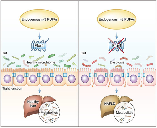 The increasing prevalence and global health burden of NAFLD have led to focused research and increased interest in the treatment of patients with NAFLD. Although many pathophysiological mechanisms and genetic variants of NAFLD have been identified, there are still no very effective drugs approved for the treatment of NAFLD. New drugs targeting the gut–liver axis have great potential in the treatment of NAFLD. Our results demonstrate that FFAR4 played an indispensable role in regulating the endogenous n-3 PUFA-mediated gut–liver axis to improve NAFLD (Figure 7).
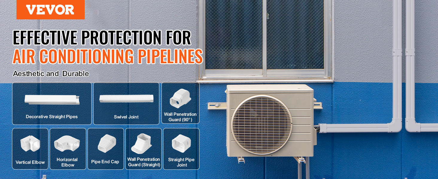 Náš kryt sady rozvodov splitovej klimatizácie sa dodáva so všetkým potrebným príslušenstvom, účinne chráni potrubia chladiva, zabraňuje vonkajšiemu poškodeniu a predlžuje životnosť rozvodov klimatizačnej jednotky.
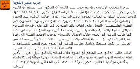 وأكد المتحدث باسم حزب مصر القوية أن هذا العمل لا يصدر إلا عن مجرمين لا يريدون الخير لمصر ويريدون صرف الأنظار عن جرائم إسرائيل في غزة ويريدون الوقيعة بين الشعبين المصري والفسلطيني، وطالب الجهات الأمنية بسرعة الكشف عن الجناة الحقيقيين وتقديمهم لمحاكمة عاجلة.
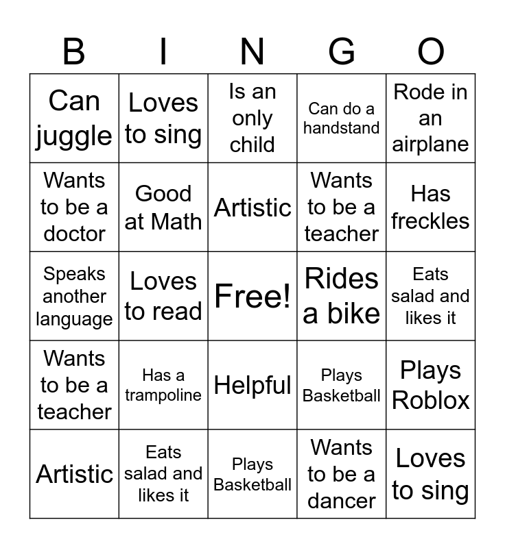 This bingo card has a free space and 53 words: Rides a bike, Loves to read, Has a Youtube Channel, Has a birthday this month, Has freckles, Has a pet, Loves to sing, Can juggle, Can do a handstand, Is an only child, Speaks another language, A good friend, Has a trampoline, Plays Roblox, 6 or more siblings, Eats salad and likes it, Artistic, Plays Basketball, Wants to be a Musician, Wants to be a doctor, Good at Math, Helpful, Wants to be a teacher, Rode in an airplane, Wants to be a dancer, Likes insects, Wants to be a Musician, Wants to be a doctor, Good at Math, Rides a bike, Loves to read, Has a Youtube Channel, Has a birthday this month, Has freckles, Has a pet, Loves to sing, Can juggle, Can do a handstand, Is an only child, Speaks another language, A good friend, Free!, Has a trampoline, Plays Roblox, 6 or more siblings, Eats salad and likes it, Artistic, Likes insects, Plays Basketball, Wants to be a dancer, Helpful, Wants to be a teacher and Rode in an airplane.

• [DESCRIPTION OF THE TASK] In the data above, find the line with "Náš kryt sady" and the line with "وأكد المتحدث باسم". Please copy exactly those two lines and every line between them, but not the pictures.

• [ANSWER TO THE PROBLEM]
 Náš kryt sady rozvodov splitovej klimatizácie sa dodáva so všetkým potrebným príslušenstvom, účinne chráni potrubia chladiva, zabraňuje vonkajšiemu poškodeniu a predlžuje životnosť rozvodov klimatizačnej jednotky.
 وأكد المتحدث باسم حزب مصر القوية أن هذا العمل لا يصدر إلا عن مجرمين لا يريدون الخير لمصر ويريدون صرف الأنظار عن جرائم إسرائيل في غزة ويريدون الوقيعة بين الشعبين المصري والفسلطيني، وطالب الجهات الأمنية بسرعة الكشف عن الجناة الحقيقيين وتقديمهم لمحاكمة عاجلة.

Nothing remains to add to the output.